A useful analogy for algorithmic trading is that of a predator in its natural habitat, constantly surveying its surroundings, detecting patterns, and responding with precision. Similarly, an algorithmic trading system continuously monitors market trends, identifies potential opportunities, and executes transactions at high velocity.

These systems operate around the clock, analyzing stocks, cryptocurrencies, and other financial instruments, identifying price discrepancies that may yield profit. However, despite their efficiency, success in algorithmic trading is not guaranteed. Financial markets are inherently unpredictable, requiring continuous adaptation. A strategy that proves effective today may become obsolete in the future.

Thus, algorithmic trading systems must undergo regular refinement and optimization, evolving in response to shifting market conditions, much like any adaptive system seeking longterm viability in a competitive environment. This project will allow us to step into this world, to create a trading algorithm and test its survival in a simulated market, where only the most effective strategies endure.

Problem Statement

Traditional trading methods often depend on manual decision-making processes, which are both time-intensive and prone to human error. In contrast, algorithmic trading utilizes data-driven strategies to improve execution speed, efficiency, and consistency.

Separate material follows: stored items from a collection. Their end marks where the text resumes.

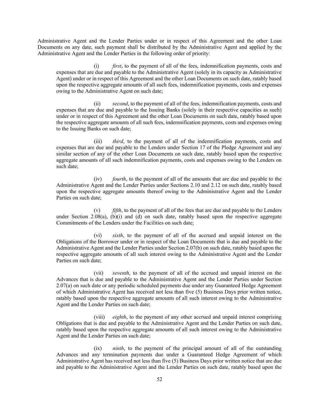 52 Administrative Agent and the Lender Parties under or in respect of this Agreement and the other Loan Documents on any date, such payment shall be distributed by the Administrative Agent and applied by the Administrative Agent and the Lender Parties in the following order of priority: (i) first, to the payment of all of the fees, indemnification payments, costs and expenses that are due and payable to the Administrative Agent (solely in its capacity as Administrative Agent) under or in respect of this Agreement and the other Loan Documents on such date, ratably based upon the respective aggregate amounts of all such fees, indemnification payments, costs and expenses owing to the Administrative Agent on such date; (ii) second, to the payment of all of the fees, indemnification payments, costs and expenses that are due and payable to the Issuing Banks (solely in their respective capacities as such) under or in respect of this Agreement and the other Loan Documents on such date, ratably based upon the respective aggregate amounts of all such fees, indemnification payments, costs and expenses owing to the Issuing Banks on such date; (iii) third, to the payment of all of the indemnification payments, costs and expenses that are due and payable to the Lenders under Section 17 of the Pledge Agreement and any similar section of any of the other Loan Documents on such date, ratably based upon the respective aggregate amounts of all such indemnification payments, costs and expenses owing to the Lenders on such date; (iv) fourth, to the payment of all of the amounts that are due and payable to the Administrative Agent and the Lender Parties under Sections 2.10 and 2.12 on such date, ratably based upon the respective aggregate amounts thereof owing to the Administrative Agent and the Lender Parties on such date; (v) fifth, to the payment of all of the fees that are due and payable to the Lenders under Section 2.08(a), (b)(i) and (d) on such date, ratably based upon the respective aggregate Commitments of the Lenders under the Facilities on such date; (vi) sixth, to the payment of all of the accrued and unpaid interest on the Obligations of the Borrower under or in respect of the Loan Documents that is due and payable to the Administrative Agent and the Lender Parties under Section 2.07(b) on such date, ratably based upon the respective aggregate amounts of all such interest owing to the Administrative Agent and the Lender Parties on such date; (vii) seventh, to the payment of all of the accrued and unpaid interest on the Advances that is due and payable to the Administrative Agent and the Lender Parties under Section 2.07(a) on such date or any periodic scheduled payments due under any Guaranteed Hedge Agreement of which Administrative Agent has received not less than five (5) Business Days prior written notice, ratably based upon the respective aggregate amounts of all such interest owing to the Administrative Agent and the Lender Parties on such date; (viii) eighth, to the payment of any other accrued and unpaid interest comprising Obligations that is due and payable to the Administrative Agent and the Lender Parties on such date, ratably based upon the respective aggregate amounts of all such interest owing to the Administrative Agent and the Lender Parties on such date; (ix) ninth, to the payment of the principal amount of all of the outstanding Advances and any termination payments due under a Guaranteed Hedge Agreement of which Administrative Agent has received not less than five (5) Business Days prior written notice that are due and payable to the Administrative Agent and the Lender Parties on such date, ratably based upon the
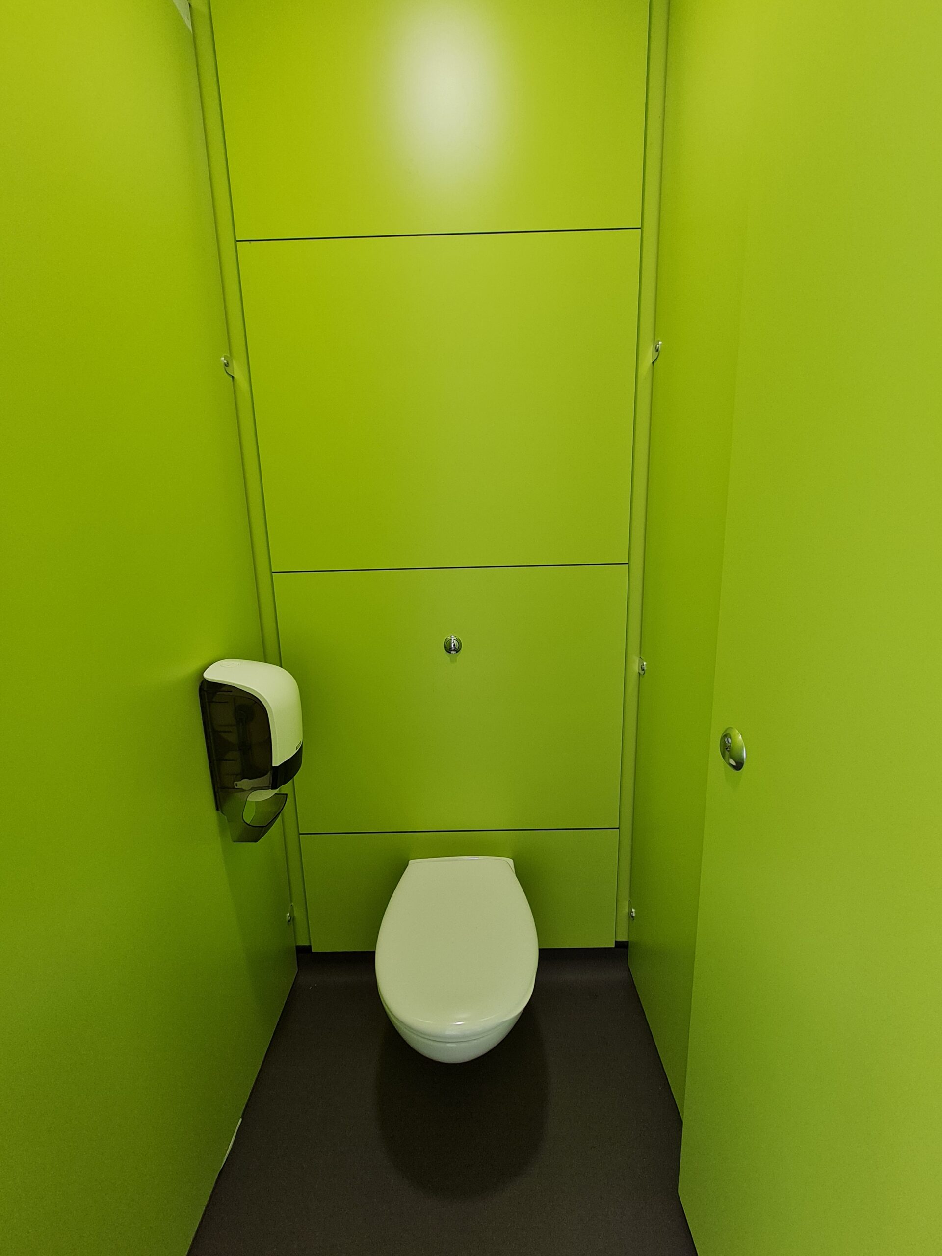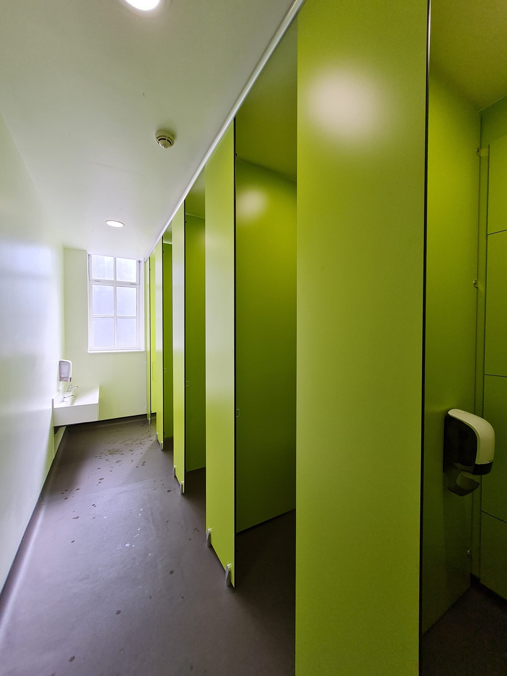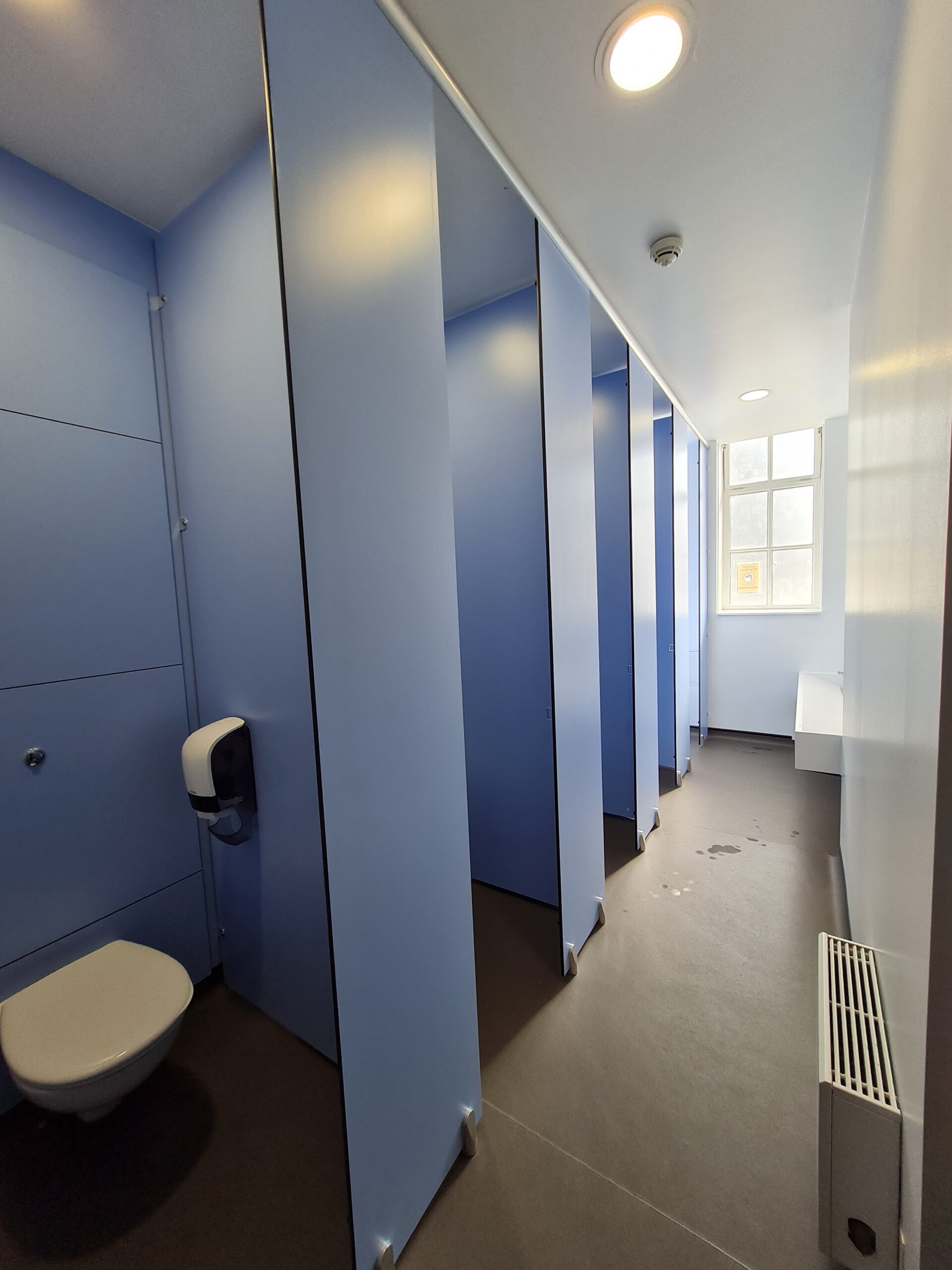 Full strip out, vinyl flooring, decoration of walls, new lighting and decoration of ceiling, solid surface washtroughs, solid grade laminate cubicles and WC duct panels, sensor taps and new hand dryers.
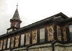 Venkovní výzdoba kostelíka na Javorce se symboly enkláv Rakouska-Uherska.
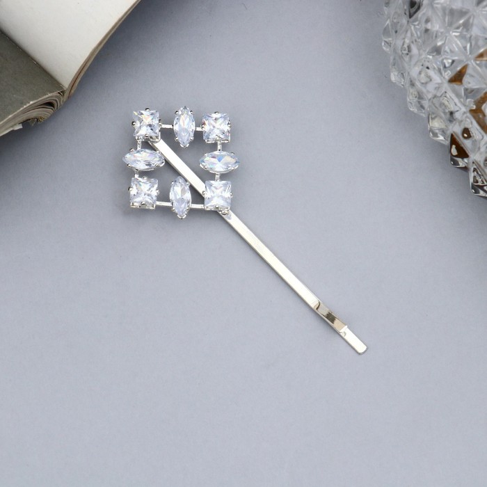 Невидимка для волос QF «Вивьен», куб, 5 см, серебро
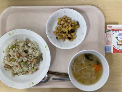 牛乳 鶏肉とごぼうのごはん 油揚げと大根の味噌汁 お豆かりんとう
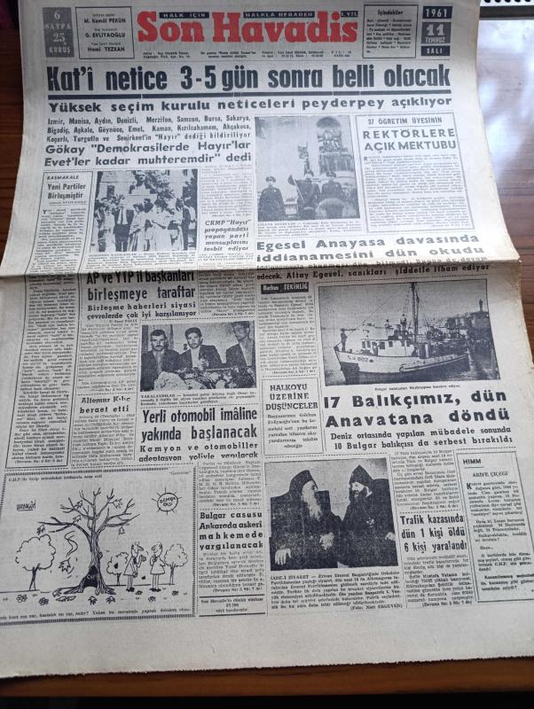 Son Havadis Gazetesi - 11 Temmuz 1961 - Anayasa İçin Halk Oylamasında Kati Netice 3 5 Gün Sonra Belli Olacak - Adalet Partisi Ve Yeni Türkiye Partisi İl Başkanlarının Birleşmeye Taraftar - Cumhuriyetçi Köylü Millet Partisi Hayır Propagandası Yapan Parti Mensuplarını Tesbit Ediyor - Altay Ömer Egesel Anayasa Davasında İddianamesini Dün Okudu - 17 Balıkçımız Dün Anavatanı Döndü - 3. Dünya Harbinin İçindeyiz Yazan Nejat Arıkan Yazı Dizisi - Eşsiz Bulutlar Yazan Françoise Sagan Yazı Dizisi - Türkiye'de Komünist Hareketleri Hazırlayan İlhan Darendelioğlu Yazı Dizisi - Bir EMİNSU Daha CHP'den İstifa Etti - Bozkurtların Ölümü Yazan Nihal Atsız - Annette Vittorio Gasman'la Evleniyor - Vizonlu Venüs Yazan John O'Hara Yazı Dizisi - Paris Celladı Yazan A. M. Mons Yazı Dizisi - Suat Mamat Galatasaray'da Kalacağım - Metin Oktay Dün Mukavele Yaptı - Hakkı Yeten'in Beyanatı - Rüştü Dağlaroğlu - Arı Hafiye Çizen Harry Smith - Dümenço Çizgi Roman Çizen Yurdagün - Tahta Bacak Çizgi Roman adlı eser, Kitap > Süreli Yayınlar > Gazeteler > Türkiye > Genel > Günlük kategorisinde İkinci El olarak satıştadır.
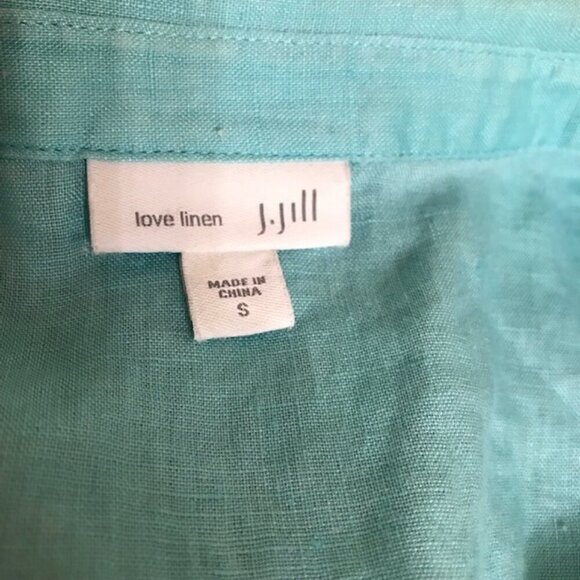 J.Jill Love Linen Women's 100% Linen Aqua Button Down Tunic Blouse Size Small
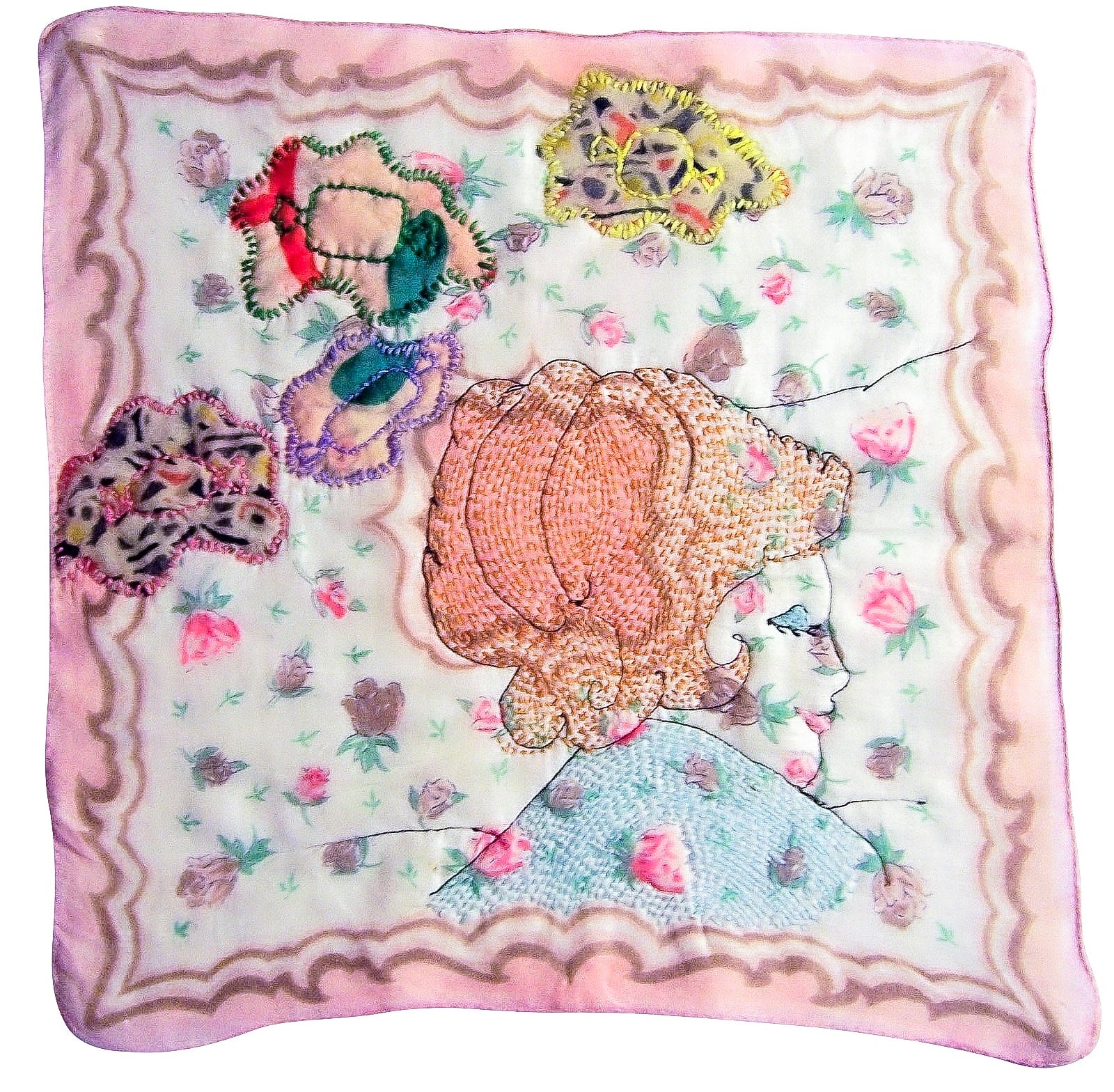 'Sweet Dreams' 2009 Embroidery thread, silk scrap vintage handkerchief
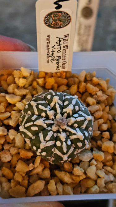 Calling all cosmic plant lovers! The Astrophytum var. V-Type isnโ€™t just a cactusโ€”itโ€™s a mathematical masterpiece from another galaxy. With its distinct "V" patterned ribs, speckled skin, and minimalist form, this plant looks like it crash-landed from Planet Perfection.
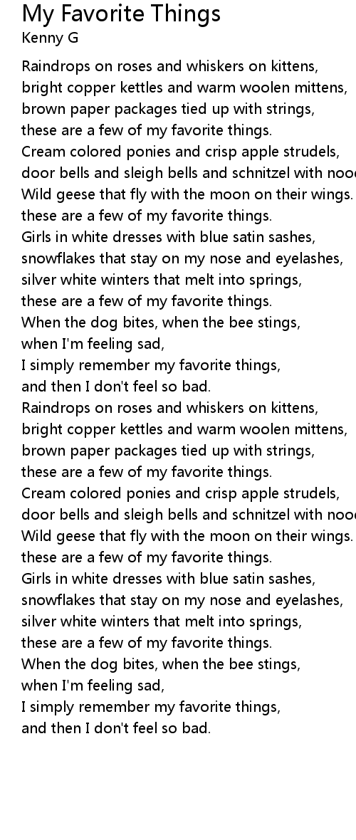 [00:00.00] Raindrops on roses and whiskers on kittens,
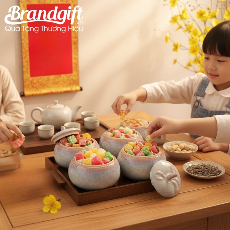 Tất cả sản phẩm tại Brandgift đều được tuyển chọn kỹ lưỡng và không qua trung gian nên luôn có giá thành cạnh tranh so với thị trường. Ngoài khay mứt, chúng tôi còn cung cấp các sản phẩm quà tặng gốm sứ khác bao gồm ly, ấm, chén, bình hút lộc, lọ hoa,…
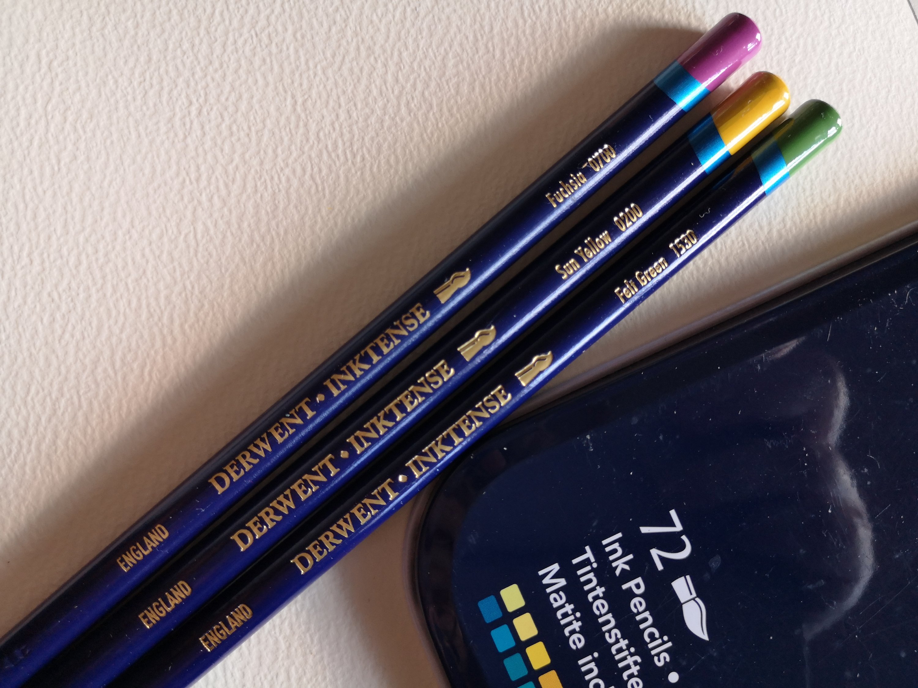 Jeg vil anbefale at du i de næste øvelser arbejder i de medier (akryl, tørpastel, akvarel, osv.) DU har til rådighed og har lyst til at arbejde med, uanset hvilke det er. Jeg har brugt Derwent Inktense farveblyanter, men bruger også ofte denne teknik når jeg maler med akryl.
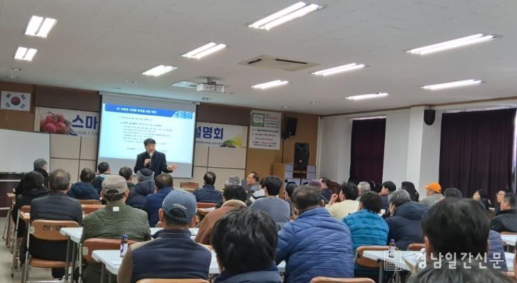 경남일간신문 | 밀양시는 지난 7일 산내면 얼음골사과발전협의회 대강당에서 사과 재배 농업인을 대상으로 ‘미래형 사과과원 조성을 위한 설명회’를 개최했다.
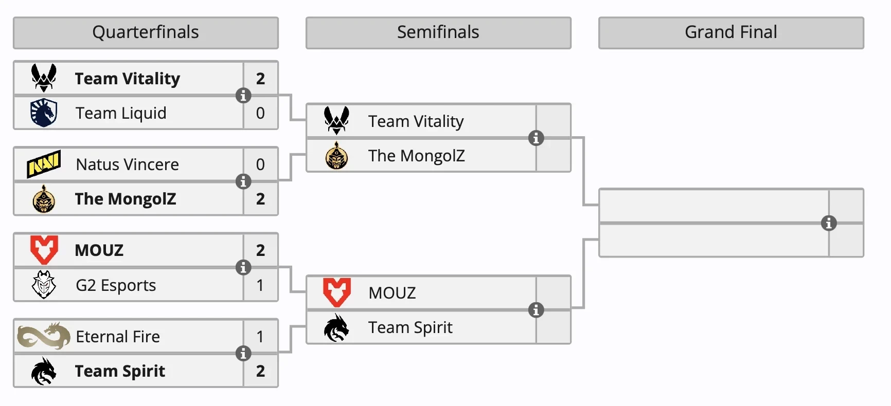 15 марта пройдут полуфинальные встречи: Team Vitality встретится с The MongolZ, а MOUZ сыграет против Team Spirit. Победители выйдут в финал, а проигравшие завершат участие в турнире.

However, the development of a robust trading algorithm necessitates a comprehensive understanding of several key areas:

• Financial markets and trading strategies

• Market data processing and analysis

• Automated trade execution using APIs

• Risk management and performance evaluation

To bridge the gap between theoretical knowledge and practical application, this project aims to develop a Python-based trading bot capable of analysing market trends, executing trades, and assessing strategy performance within a simulated paper trading environment.

The overall goal is to develop an automated trading system.
In order to achieve this the following objectives and activities has been set:

1. Research

   • Conduct a theoretical review of key concepts, including:

     • Introduction to FinTech
     • Algorithmic Trading and Market Access
     • Trading Strategies and Back testing
     • Introduction to Python for Trading

   • Identify state-of-the-art open-source solutions through a technical review.

   • Summarize findings and propose a project specification.

2. Development/Method

   • Develop a system for deploying a trading strategy based on selected indicators and predefined rules.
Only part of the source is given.